Radio X

When Radiolab began in 2002, host and producer Jad Abumrad experimented by airing a mix of unusual radio productions from all over the world that didn't necessarily fit into an easily defined category. Little did Jad know, he was following in the footsteps of George Wallach, who launched Radio X on WNYC on June 3, 1948.  

Wallach, WNYC's program director, billed the weekly show as "an experimental program series designed for the adult listener...with a flexible format with material drawn from the fields of music, drama, and variety." The Thursday night hour premiered with the fantasy, Apollo in Mourne, dramatizing the mythical banishment of Apollo from Olympus to Ireland. Variety called it a "flavorsome yarn about an Irish lad who picks up the exile, takes him home and nearly loses his gal to the Greek god." This was followed by a French recording, about French artists and entertainers in Paris at the turn of the century.

I've recently discovered that the documentary Cavalcade of WNYC, made for the launch of WNYC's 25th year and airing a month later, was part of Radio X. At the time Billboard's Sam Chase said of the series, "WNYC has a good idea here and should be able to offer some stimulating diversions on usual radio fare."
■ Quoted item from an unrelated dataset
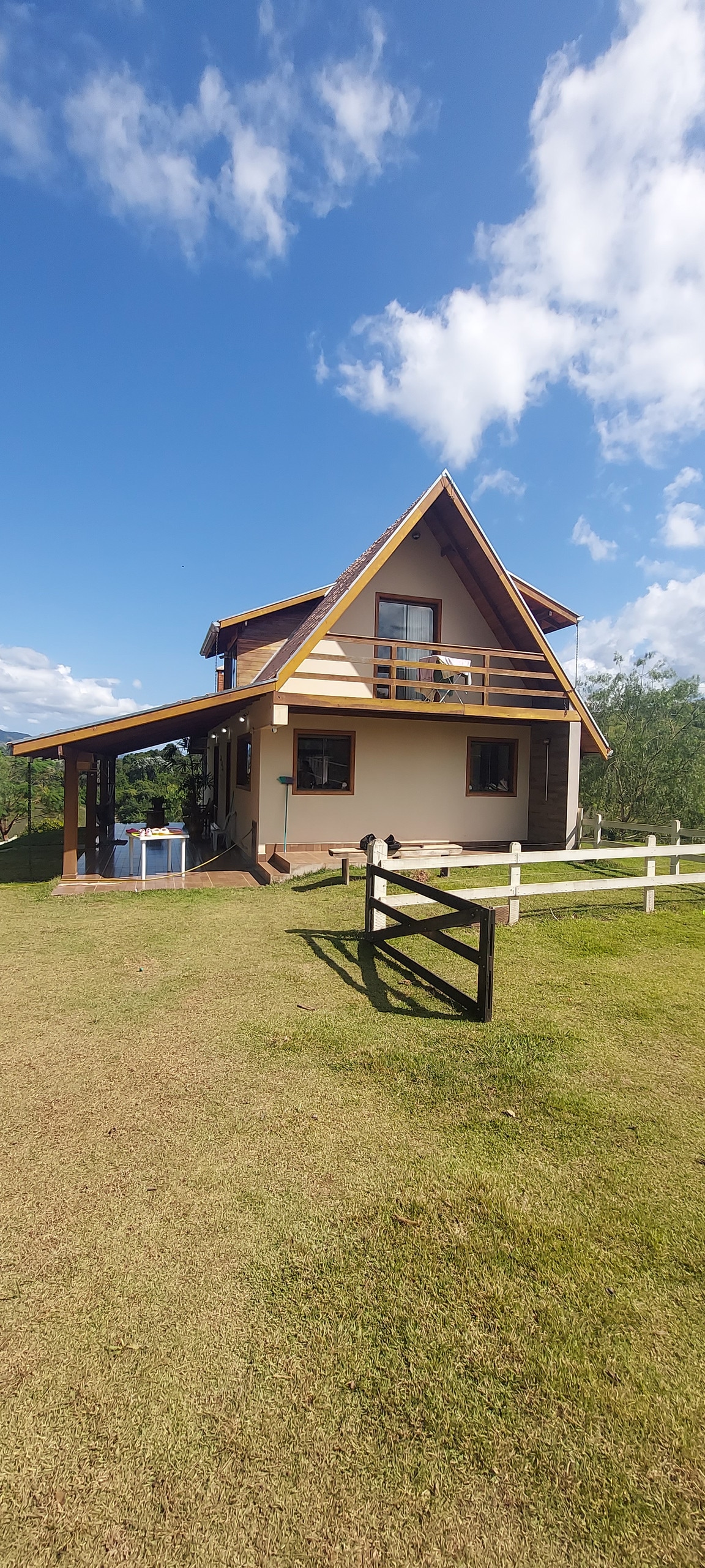 xale rústico com acomodação interna e externa confortavel. suíte com banheira no andar superior muito espaçosa com cama de casal e cama solteiro além de sacadas para o horizonte. ambiente social interno com sala cozinha americana com lareira e banheiro social e área de serviço com máquina de lavar. ambiente social externo com cozinha caipira e piscina. Wi-Fi para entretenimento e home ofice local sereno e tranquilo.

Sadly, we have only one more Radio X program in the collection. Thanks to the University of Georgia archivists it's the July 22nd program Wallach and writer David Karp submitted to the Peabody Awards committee for consideration. It has four parts. The first is Manhattan Tower, a man's tribute to New York City with musical accompaniment. Part two is the first of a series of radio fables. In this one, a radio show's sponsor is alarmingly successful. The third segment is an interview with Folke Bernadotte, a Swedish nobleman and diplomat, recorded the day after his final report to the United Nations on his efforts to avoid war in the Middle East. And the last segment is a tribute to the six million Jews who perished in Nazi death camps during World War II.

Wallach left WNYC in 1949 to become production manager at NBC's film division and stayed with film and television for the balance of his career. Still, the radio work he pioneered here is clearly a part of our DNA.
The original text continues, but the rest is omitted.